_Directions_: Only the lines from the "Baek Ha Na/Lee So Hee (R)" line through the last line of the material below belong in the answer, reproduced exactly and with no pictures.

_Material provided_:

= = =

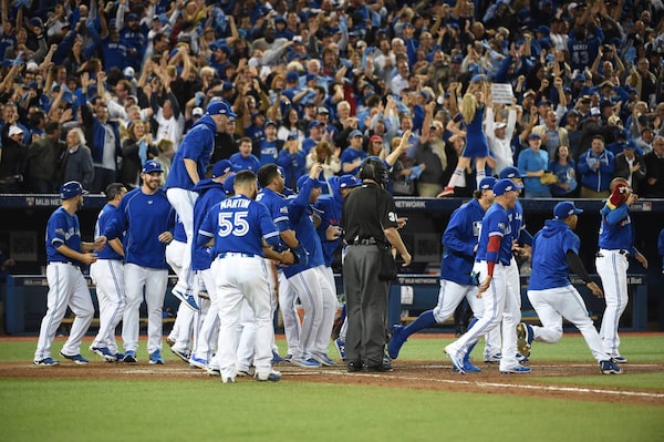 Edwin Encarnacion hit a three run home run in the bottom of the 11th to give the Blue Jays a 5-2 win. Toronto will play Texas in the ALDS. Game one is Thursday at 1:30pm.Fred Lum/The Globe and Mail
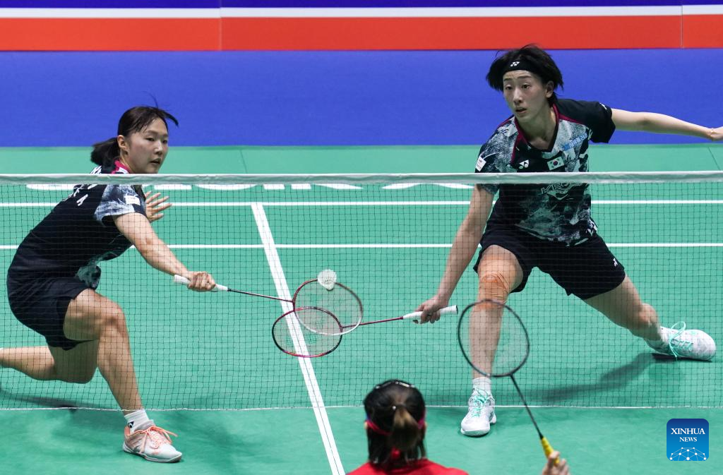 Baek Ha Na/Lee So Hee (R) of South Korea compete during the women's doubles final between Chen Qingchen/Jia Yifan of China and Baek Ha Na/Lee So Hee of South Korea at the 2023 China Open badminton tournament in Changzhou, east China's Jiangsu Province, Sept. 10, 2023. (Xinhua/Yang Lei)
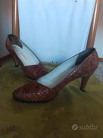 Scarpe in rettile color marrone chiaro, eleganti o per occasioni speciali. Usate una volta sola. Tenute e conservate benissimo. Misura 37 scarso. Consegna a Milano citta anche di persona con pagamento contanti, oppure spedizione tramite PTT con pagamento a mezzo bonifico bancario

= = =

_Result_:
 Baek Ha Na/Lee So Hee (R) of South Korea compete during the women's doubles final between Chen Qingchen/Jia Yifan of China and Baek Ha Na/Lee So Hee of South Korea at the 2023 China Open badminton tournament in Changzhou, east China's Jiangsu Province, Sept. 10, 2023. (Xinhua/Yang Lei)
 Scarpe in rettile color marrone chiaro, eleganti o per occasioni speciali. Usate una volta sola. Tenute e conservate benissimo. Misura 37 scarso. Consegna a Milano citta anche di persona con pagamento contanti, oppure spedizione tramite PTT con pagamento a mezzo bonifico bancario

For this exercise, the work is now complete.